Here’s a look at the video:

While there isn’t too much to decipher from the new photo, there are some hints about the villains who Brock will face off against in the film. It also reveals a potential connection to how Brock comes in contact with the Venom alien symbiote.

A close-up shot (spotlighted on IGN.com) reveals that Brock’s reporter notebook has a few questions he’s trying to track down the answers to:

-“So how exactly does the Life Foundation go about testing its pharmaceuticals?”

-“What about the allegations your empire is built on?”

-“That you recruit the most vulnerable of us to volunteer for the testing that more often than not end up (killing) them?”

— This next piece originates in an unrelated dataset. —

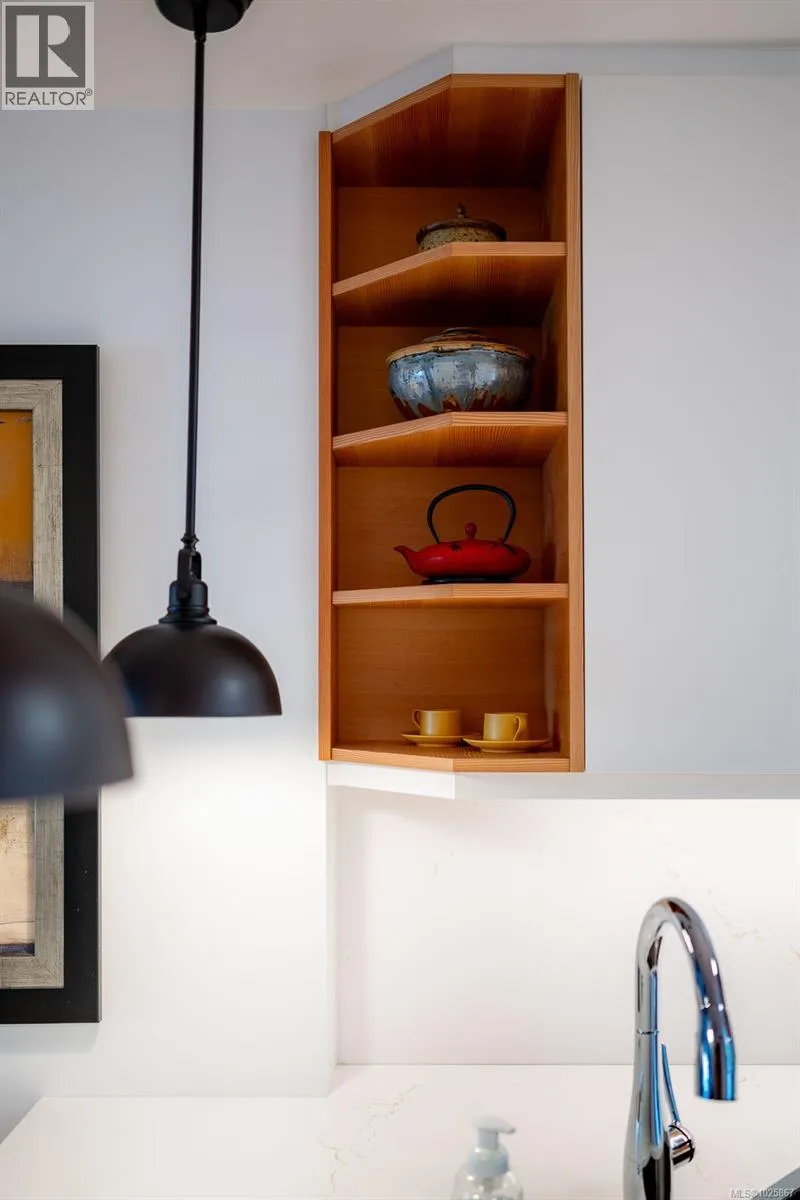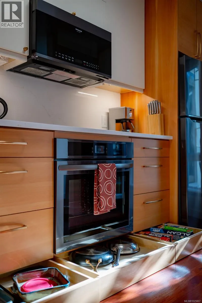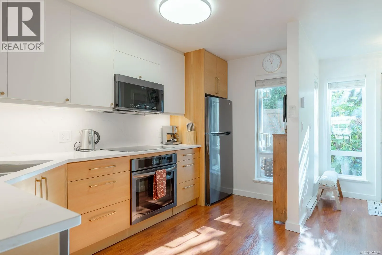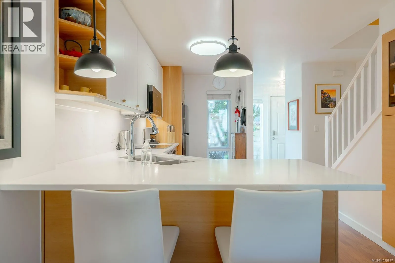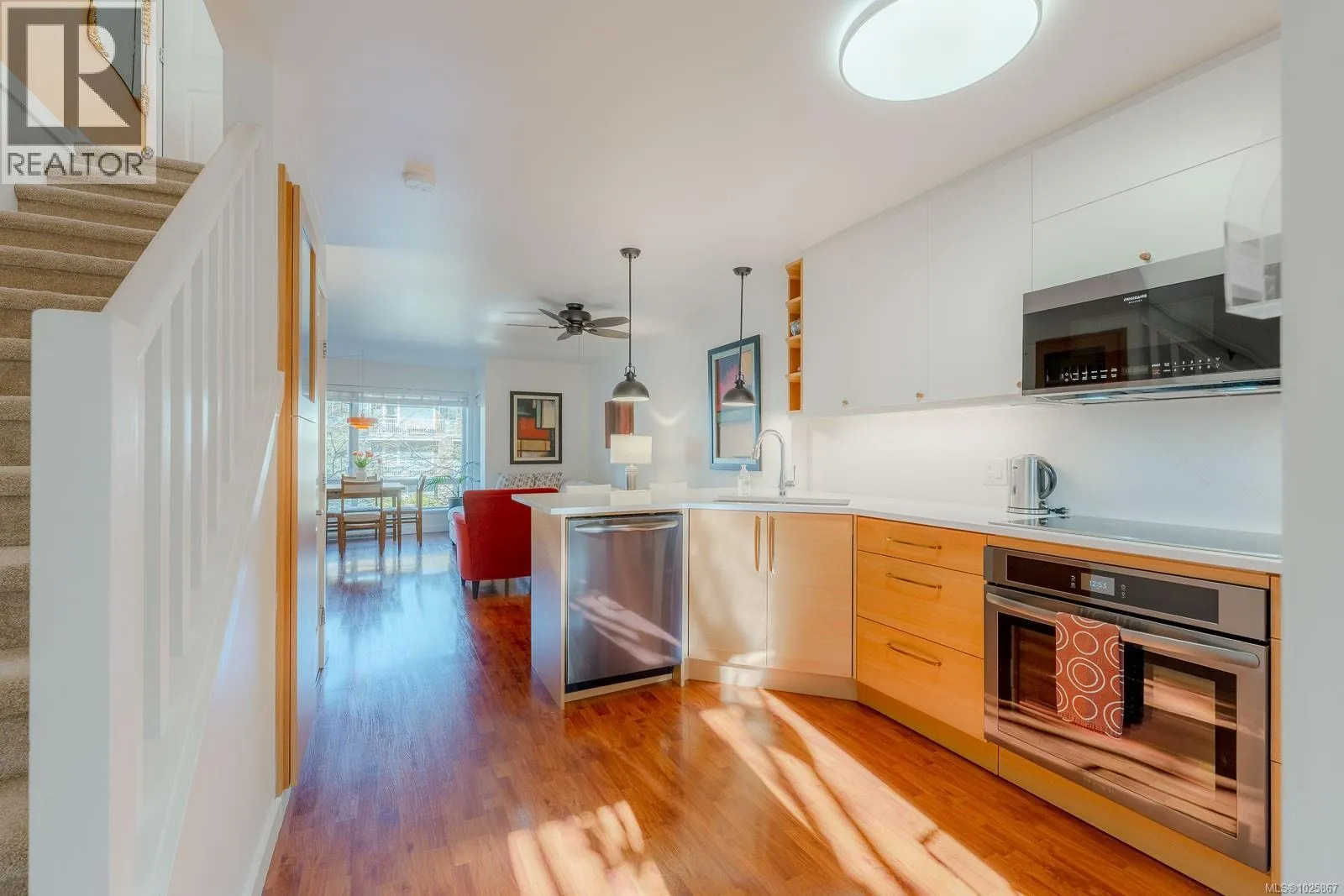 A contemporary urban two-level townhouse in the heart of Duncan, artfully designed to capture maximum sunlight throughout the day. Clean architectural lines and expansive windows create a bright, uplifting atmosphere that feels both modern and welcoming.The newly reimagined chef-style kitchen is a true centerpiece, featuring sleek quartz countertops, touch-to-open cabinetry and drawers, and a painted valence with slim under-cabinet lighting. An 18 gauge double sink, new designer lighting, and premium appliancesâincluding an induction cooktop and convection ovenâcomplement the sit up peninsula, perfect for casual dining or entertaining.The open-concept living room is airy and spacious, ideal for relaxed evenings or lively gatherings. Upstairs, the primary bedroom offers soaring ceilings, clerestory windows, and a private balconyâan inviting retreat for morning coffee. The beautifully updated bathroom showcases a floating marble-top vanity, porcelain tile, and a dual-flush toilet. A second bedroom at the rear provides a peaceful sanctuary. Plush eco-friendly carpeting warms the bedrooms, hallway, and stairs, while easy-care laminate flooring enhances the main level. Additional features include an AC unit in the upper bedroom and high-quality new blinds throughout. Step outside to a fully fenced back patio set against a serene natural backdrop. With shopping, cafés, and newly installed bike lanes connecting to trail systems just beyond your door, this home offers refined living in an unbeatable location. (id:27476)

While the movie’s plot hasn’t officially been confirmed, the questions hint that the Life Foundation will be a major antagonist in the film. In Marvel comics, the company is described as a “shadowy survivalist group who believe the world will end in nuclear holocaust,” which is why the foundation creates a “security force” of Venom-like alien symbiotes called Agony, Phage, Riot, Lasher, and Scream.

The company connection to the symbiotes also could mean that Brock’s reporting on the Life Foundation could lead to his initial encounter with the Venom lifeform.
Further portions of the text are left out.